We created the mace-freeze patch²⁵ to the MACE software suite that allows to freeze layers or parameter tensors in any MACE model to fine-tune them using a particular dataset of interest. This approach allows for retaining the features learned from the MPtrj dataset of the MACE-MP foundational model and adapting the later layers to the new task. The models, which we refer to as MACE-freeze, trained using mace-freeze patch retain the same architecture as the original MACE model used for fine-tuning and only differ in which layers or parameter groups are frozen.

Transfer learned model data efficiency and performance: H₂/Cu

To show the efficiency of the MACE-freeze models, we compare their accuracy to from-scratch-trained MACE models trained on the same dataset. The hyperparameters of the from-scratch-trained MACE models are fully optimised on the dataset. We aim to demonstrate that a “universal” model such as MACE-MP can be fine-tuned using transfer learning to perform a specific task at least as well as a from-scratch MACE model that was trained specifically for this task only. Moreover, we show that the transfer learned model can outperform, at least in the low-data regime, the from-scratch model in the high-data regime. As a consequence, a much smaller number of training points are required to achieve similar accuracy of predictions with the MACE-freeze model, than the bespoke MACE model.

The “small”, “medium” and “large” MACE-MP foundation models were used as the basis of our transfer learned models using a dataset on reactive hydrogen chemistry on various facets of copper surfaces²⁶. The database contains 4230 structures and was obtained using reactive gas-surface scattering molecular dynamics simulations and a committee uncertainty-driven active learning algorithm. A from-scratch MACE model was trained using this dataset, with hyperparameters optimised previously, which were validated with k-point cross-validation and Molecular Dynamics (MD)²⁷.

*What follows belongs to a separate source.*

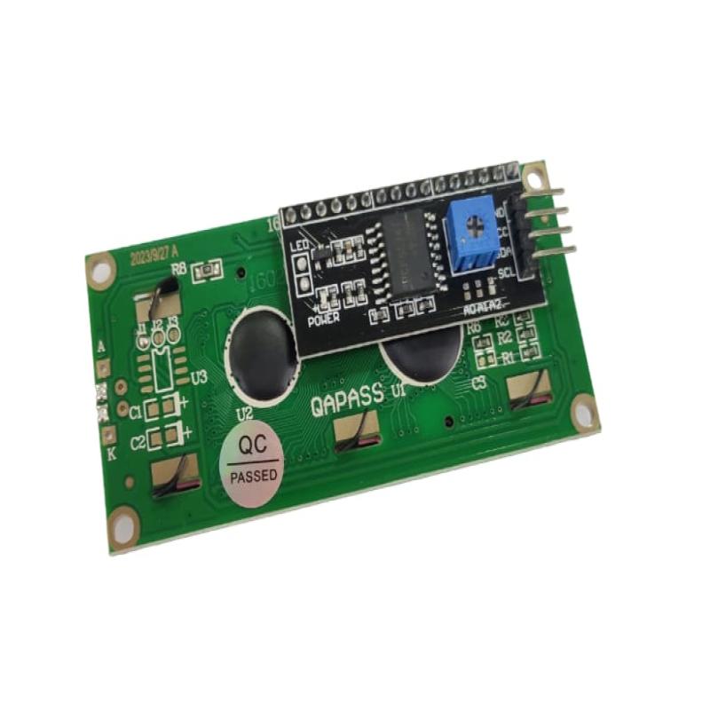 This is a 16x2 LCD display screen with I2C interface. It is able to display 16x2 characters on 2 lines, white characters on blue background.

The MACE-freeze models retain the architecture of the foundation models and use varying numbers of frozen layers of the original MACE-MP “small”, “medium” and “large” foundation models. We show the learning curves of different “small” freeze models, as well as the from-scratch-trained MACE model in Fig. 2a–c. We trained models where parameters are fixed in all layers except the readouts (MACE-MP-f6) and then incrementally we allow parameters to vary in the product layer (MACE-MP-f5), and the interaction parameters (MACE-MP-f4), while in MACE-MP-f0 all layers are active.

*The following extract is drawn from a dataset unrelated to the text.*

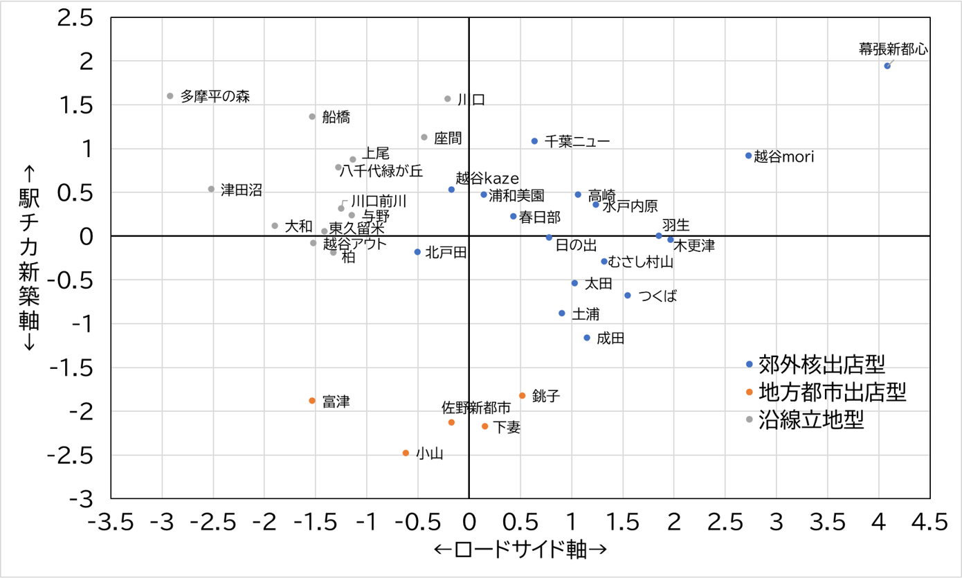 - 郊外核出店型の場合,ロードサイド得点と駅チカ新築得点の双方が高いです.郊外核出店では鉄道へのアクセスも考慮した立地を取るが,同様に鉄道からのアクセスを考慮している沿線立地型とは,店舗の規模が大きく周辺人口が少ない点で異なることがわかります.本分析のみで結論づけることは困難ですが,都市密度と地価の関係,再開発余地のある大規模用地の有無などが影響を及ぼしている可能性があります.

**Fig. 2: Transfer learning curves for Hydrogen on Copper surface and for the Ti-Al-V alloy systems, trained based on the “small” foundation model.**

In the low-data regime, where the models are trained on a small percentage of the original training datapoints, all the represented freeze models with the exception of the least flexible model, f6, perform better than the from-scratch-trained MACE model. As the number of frozen layers decreases, the predictive performance on energies and forces improves, peaking at f4. Allowing more flexibility by further reducing the number of frozen layers does not improve the predictive performance: the MACE-MP-f0 model, in which all parameters were allowed to update, has similar validation errors to that of MACE-MP-f4. The reduced number of trainable parameters in MACE-MP-f4, however, have the minor added benefit of reducing the computational cost of training (Supplementary Figures S1 and S2). Figure 2 also demonstrates that the lower layers of the network, as fitted in the original MACE-MP model do not benefit from further fine-tuning and may be reused. The benefit of the reduced cost of training can be of particular importance for users with limited computational resources. The superior performance of the transfer-learned models suggests that the models benefit from the pre-training due to other structures present in the MACE-MP training set, resulting in transferable and robust descriptor embeddings.

Having found the optimum number of frozen layers to be four in our applications, we used this setting for further benchmarks. Supplementary Figure S3 shows that the size of the foundation model does not significantly contribute to the accuracy of the transfer-learned models, but “medium” and “large” models are computationally more demanding. For this reason, in the subsequent models, we use the “small” MACE-MP foundation model for our further investigations.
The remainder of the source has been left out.